“Changing your mindset may change the situation” - Lisa Rusczyk, 50 Things to Know to Downsize Your Life.
Whether or not we are aware of it, our mindsets are incredibly important drivers in basically every area of life. In psychobabble terminology, mindset is defined as “a set of beliefs that shape how you make sense of the world and yourself. It influences how you think, feel, and behave in any given situation.”
In other words, our mindsets help form our reality.
Enough Psych 101 Class, back to SOC 2 and Compliance now.
Actually, the concept of mindset plays an important role in how companies approach SOC 2, and Compliance in general. Not sure how this psychology theory could possibly play out? Consider the following: If you think of SOC 2 as a burden to be bypassed as painlessly as possible, well then, it will be just that–a hurdle to be side-stepped. And of course, the opposite is true too–by perceiving SOC 2 and Compliance as allies, you’ll be in the frame of mind to reap the many benefits.
So right in time for the new year, we bring you the top 5 SOC 2 mindsets to break free of in 2022, intended to steer you towards a year filled with growth and expansion.
- “Quick ‘n dirty” is the way to go - Meeting SOC 2 is a major undertaking and it's easy to get caught up in the mindset of wanting to get it done as effortlessly as possible. But by adopting the quick ‘n dirty outlook, you miss the true point of SOC 2.
Well, what is the true point, you say? The true point is to help businesses establish a roadmap with which to improve and support security posture, as well the posture of any of the other chosen Trust Criteria. By viewing SOC 2 requirements, i.e., the controls and policies, as indicators of where your security posture needs to be heading, you can establish, and then must adhere to, certain processes. In this sense, taking a positive view of SOC 2 can help you instill a security-by-design approach in your Compliance efforts.
- Relationships with stakeholders don't matter - A SOC 2 report is supposed to be a holistic reflection of the state of security maturity of your IT environment and tech stack. To this end, it should cover tools from various departments, like HR, sales, R&D, etc. In order to make this a reality, you need to build relationships with stakeholders from each of these departments.
But what happens when you fail to build solid relationships with stakeholders? What happens when they aren’t invested in the process? By establishing a mindset wherein stakeholders MATTER, and they clearly understand the importance of their involvement, those players will have a better knowledge of their responsibility in this ecosystem, leading to fewer gaps and better audit outcomes.
- Internal audits are a waste of time - Many companies bristle at the thought of performing internal audits, since initially, they create more work. Moreover, it may seem like a LOT of effort to expend for something that has little tangible ROI.
But think about it; Internal audits are like the pre-test, wherein you get the chance to find out about all of those unknowns before the big day. They can point out gaps and risks before they become sources of trouble and can be a safe way to experiment with new tools and technologies before the big day. By adopting a “pretests-are-good” mindset and putting in the extra effort beforehand, you’ll get to know your strengths and weaknesses, so when that day arrives, you’ll be optimally prepared.
- SOC 2 isn't about long term goals - Thanks to the tedious work involved, many companies see getting that SOC 2 report as the goal. While achieving SOC 2 is clearly a goal in and of itself, with the right outlook, it can be seen as a part of a larger goal, one that will benefit your company in the long run.

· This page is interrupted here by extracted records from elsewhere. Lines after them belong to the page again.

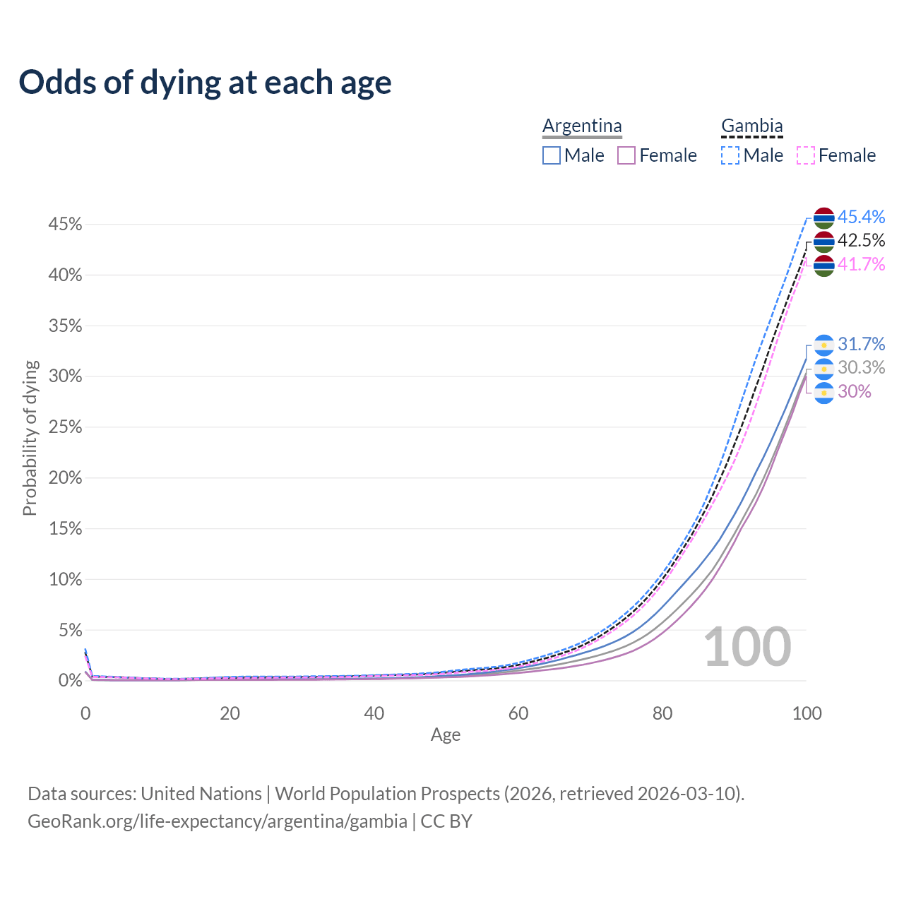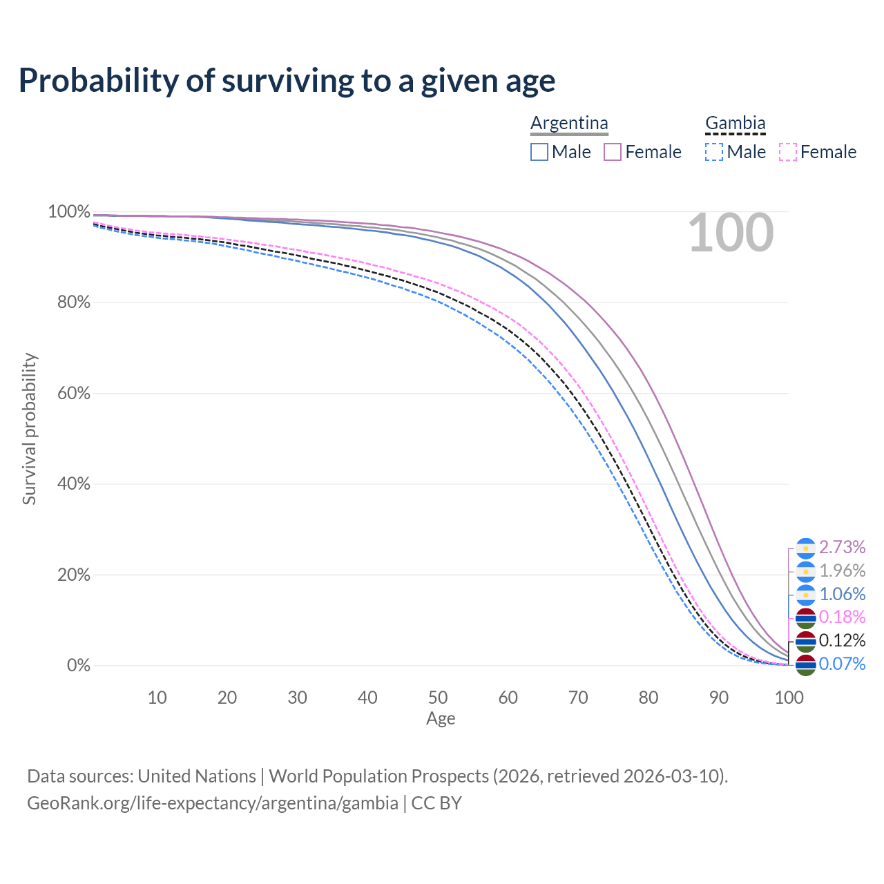 This life expectancy calculator shows the odds of living to 100, 95, 90, and below based on current age for both males and females in Argentina and the Gambia, along with mean and median age of death. The calculations are based on the 2026 life tables (actuarial tables) from the UN World Population Prospects.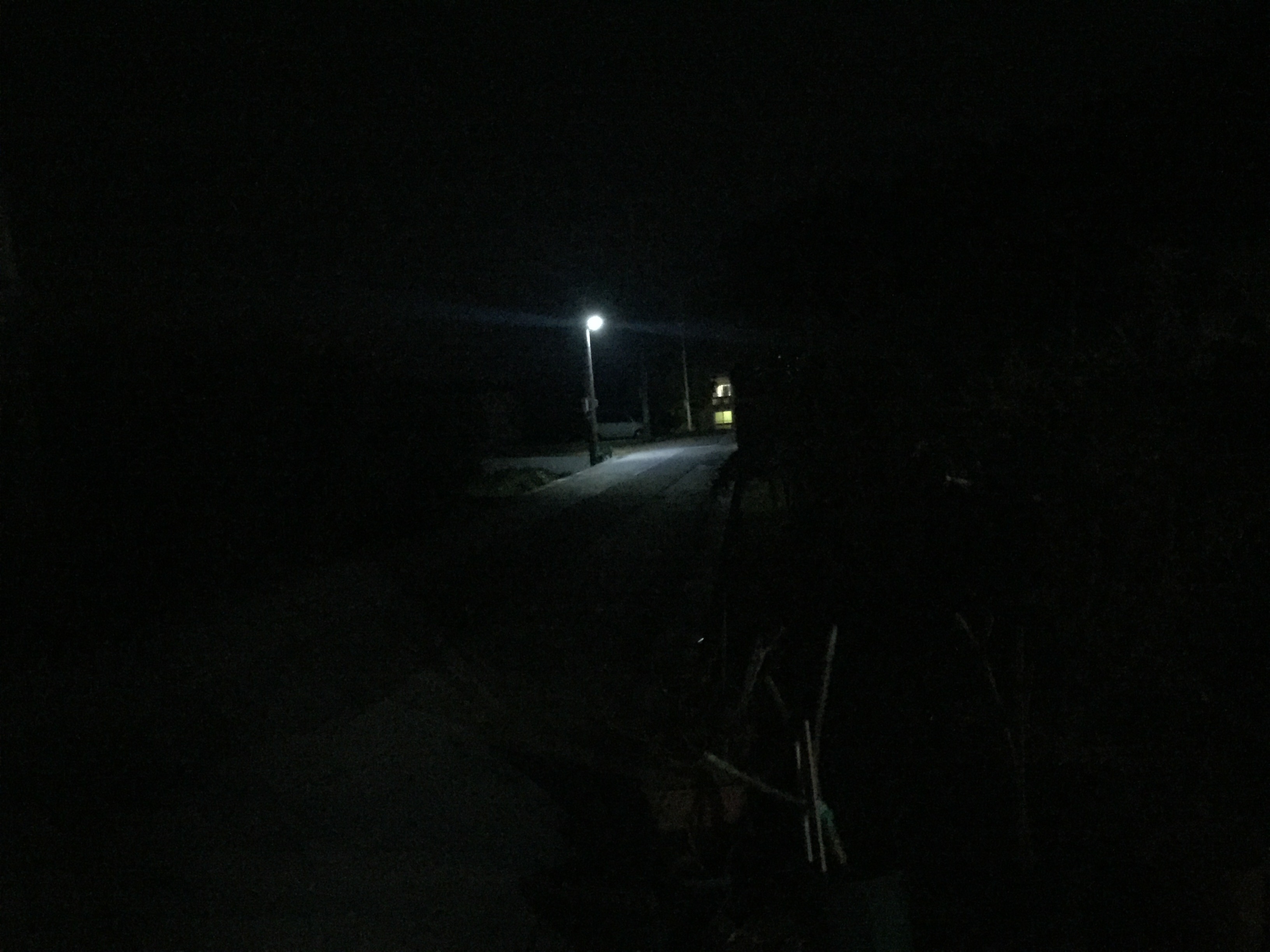 真っ暗な道。宿まで徒歩3分。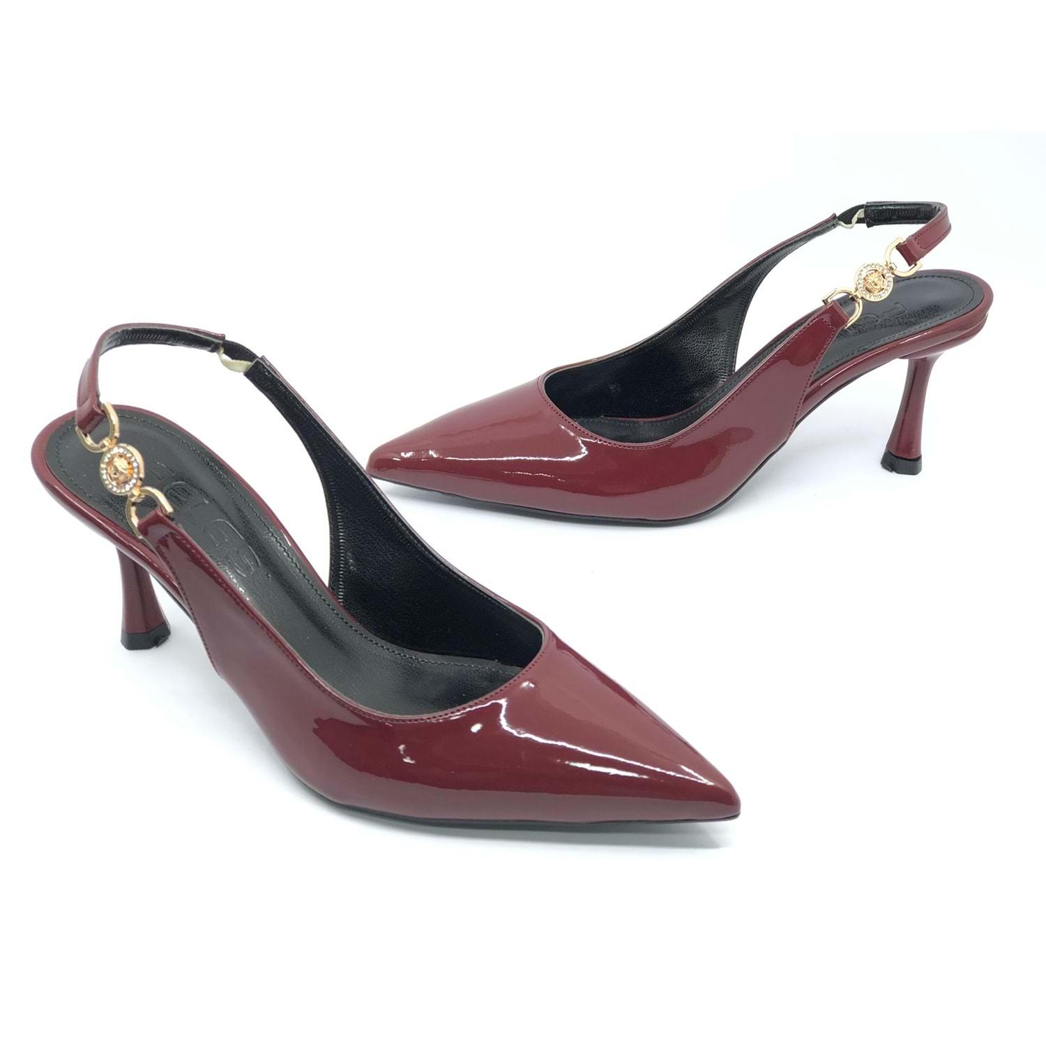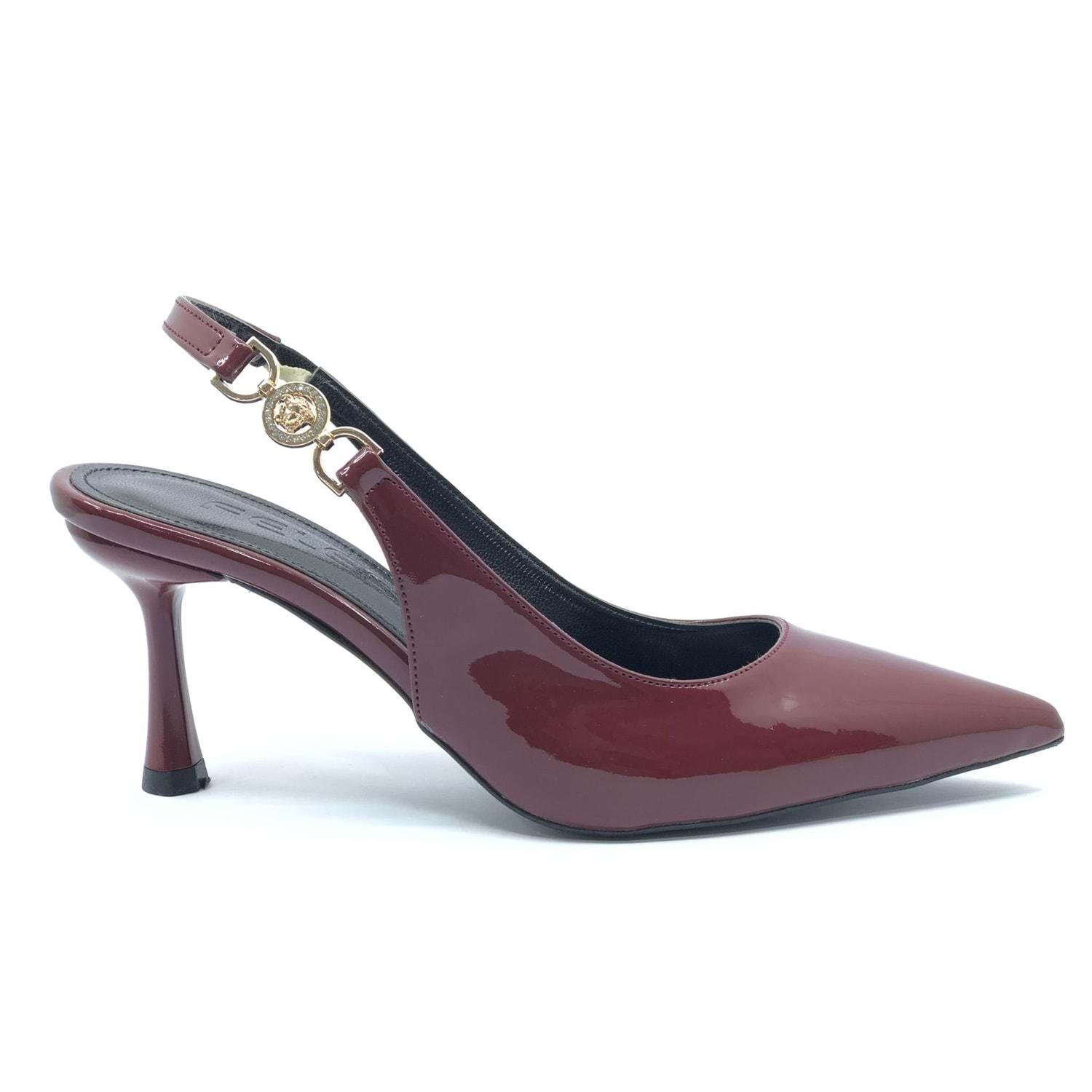 Feles Yan Toka Detaylı Arkası Açık Stiletto Kadın Topuklu Ayakkabı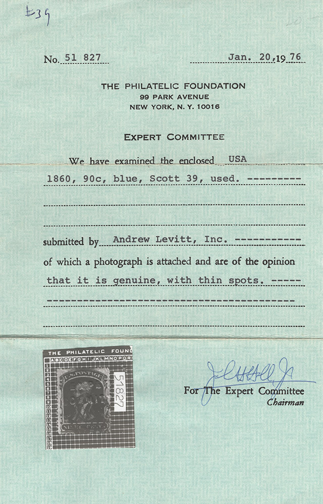 with black grid cancel, small thin spots, very fine, with 1976 P.F. cert., cat. $10,000.00 (Image) (Scan1) (All Scans)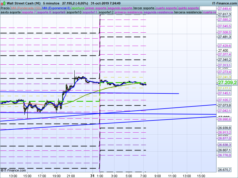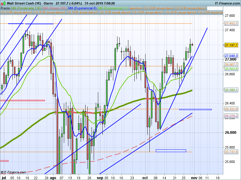 Para operaciones de muy corto plazo, intradia o scalping, o para afinar aún más las entradas y objetivos, recomendamos el uso del complejo SOR intradiario, partiendo del precio de apertura que hoy tendremos en 27209.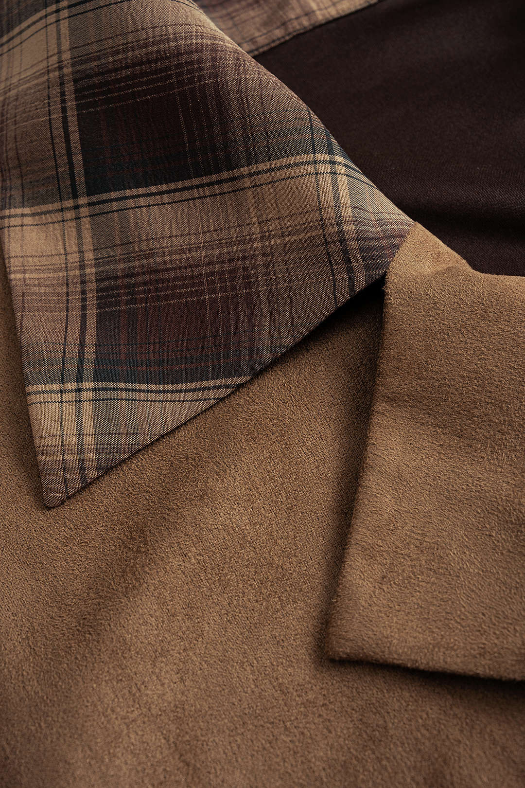 Suede Patchwork Notched Lapel Long-Sleeve Top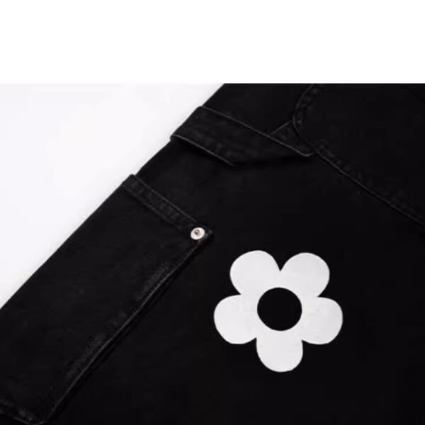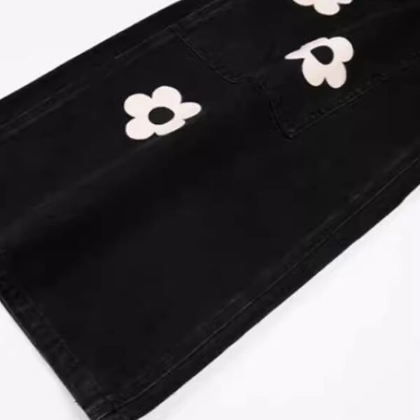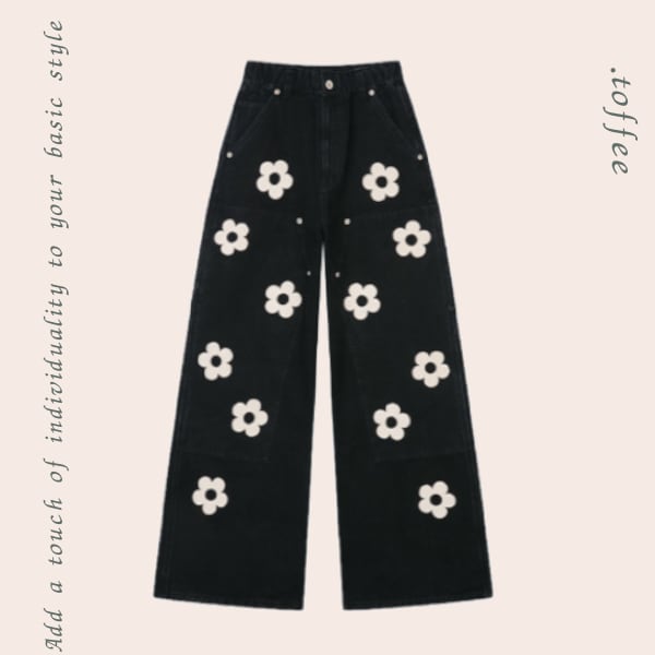 可愛らしいフラワーアップリケが施されたブラックワイドデニムパンツ。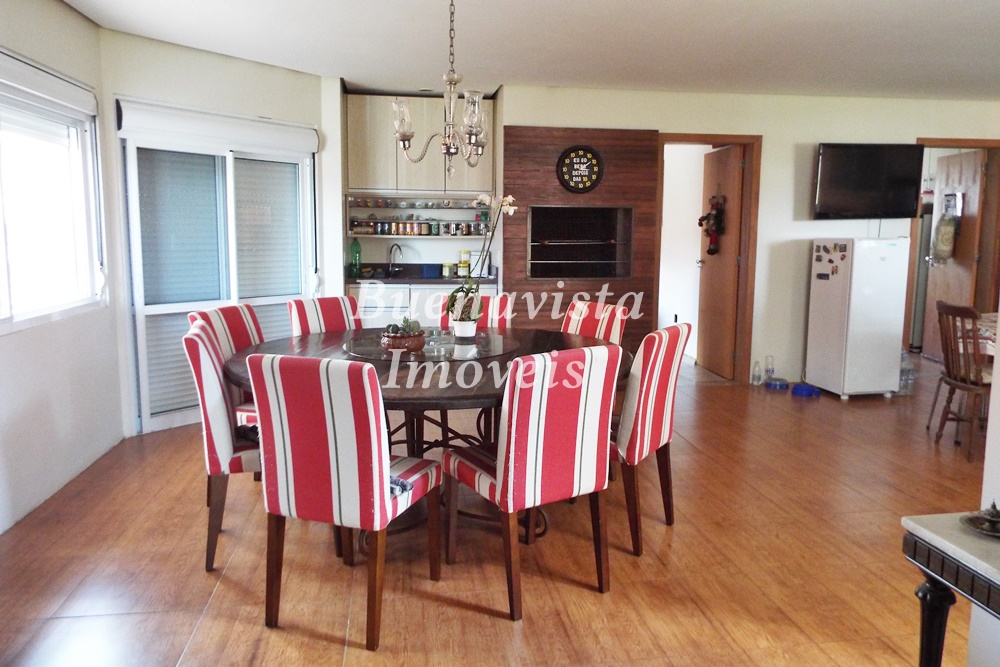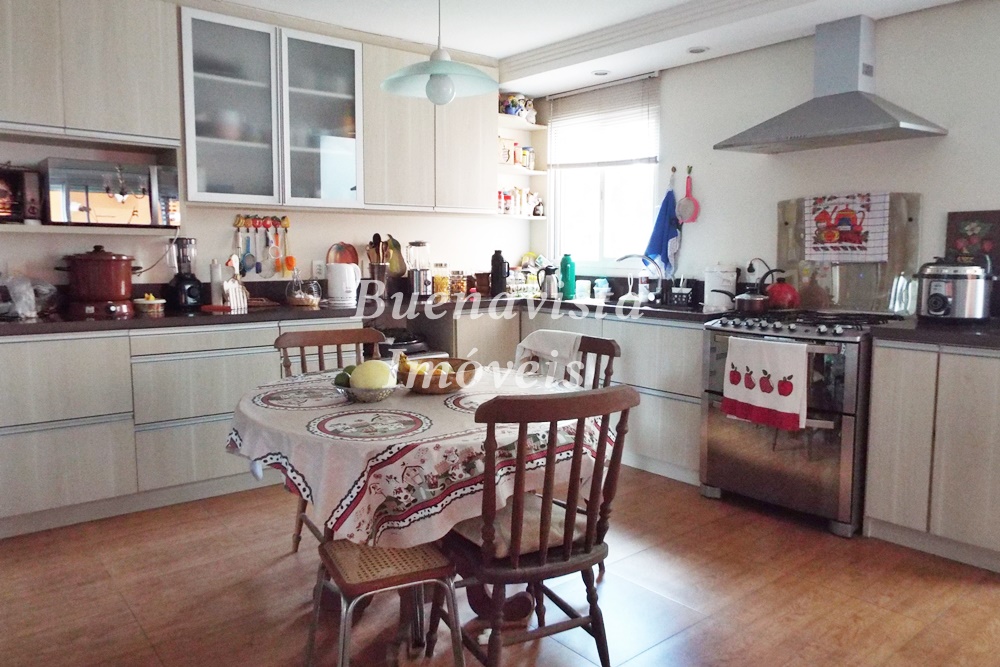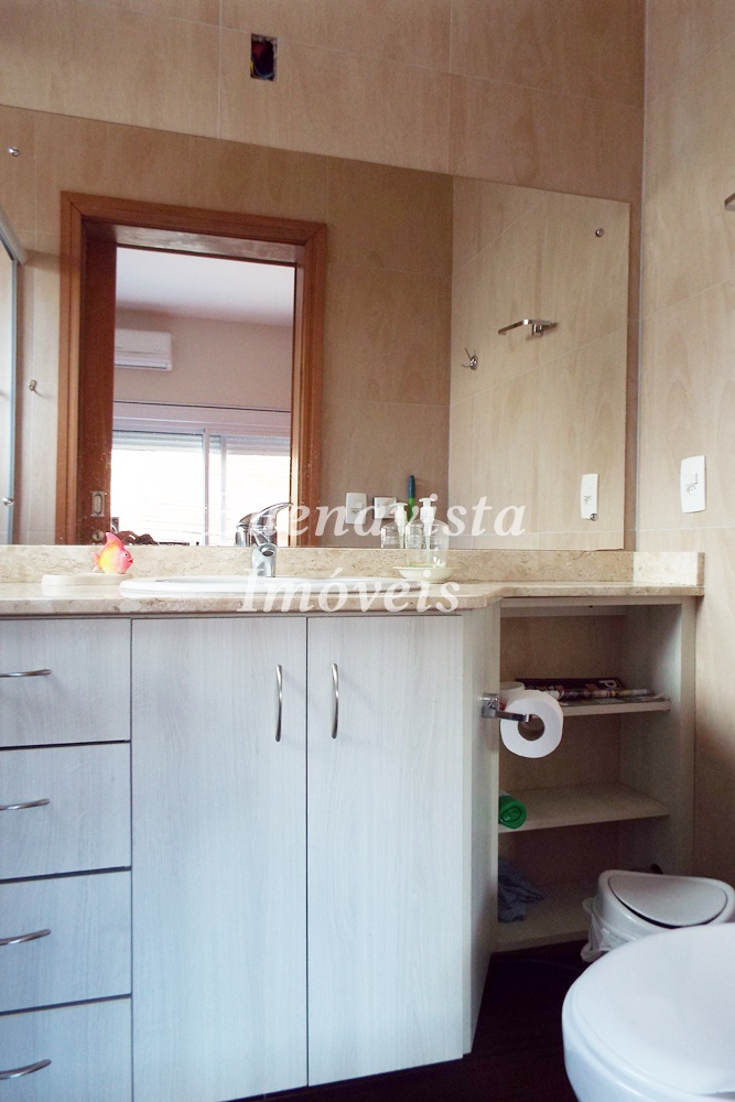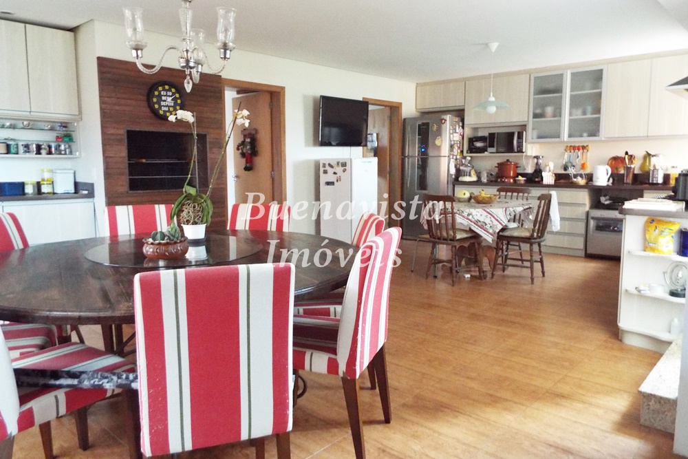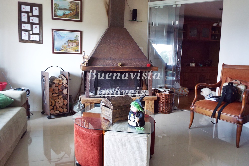 Térreo: Estar com lareira, jantar com churrasqueira e cozinha integrados. Lavabo. 1 suíte . Lavanderia.

Obviously, you’ll want to choose goals based on what matters most to your company, but here are some ideas to get you started: Getting stakeholder buy-in regarding the importance of Compliance efforts; Establishing continual awareness of all gaps and attempting to remediate them as soon as possible; Creating a comprehensive Compliance program and deploying the tools to support it, to serve your Compliance needs as you grow, etc. While these goals may not be immediately attainable, you can use them as your guiding lights, your North Stars along your Compliance journey.
- Auditors are the enemy - Many companies feel threatened by the prospect of bringing in an outside auditor. They fall into the dangerous mindset of seeing their auditor as little more than an accessory to a necessary evil, and therefore, fail to build relationships. And especially troubling, they assume they need to hide information and shortcomings, in order to pass their audit.
Trust us, these are all horrible, terrible, no-good ideas.
Instead of viewing auditors as semi-enemies, consider building transparent and open relationships–and this outlook will have a direct and lasting benefit for your company. While auditors are impartial, and therefore cannot truly be called in to consult, most would be happy to help steer you in the right directions, reach the right people, get the right material, and proactively address gaps. Sure, you may not be besties, but with the right mindset, this is a relationship that can be incredibly fruitful.
An anonymous, yet very wise person once said, “mindset is what separates the best from the rest.” As we stand on the precipice of the new year, now is the perfect time to get started with growth-oriented mindsets and to avoid these potentially dangerous ones as you move along your Compliance journey.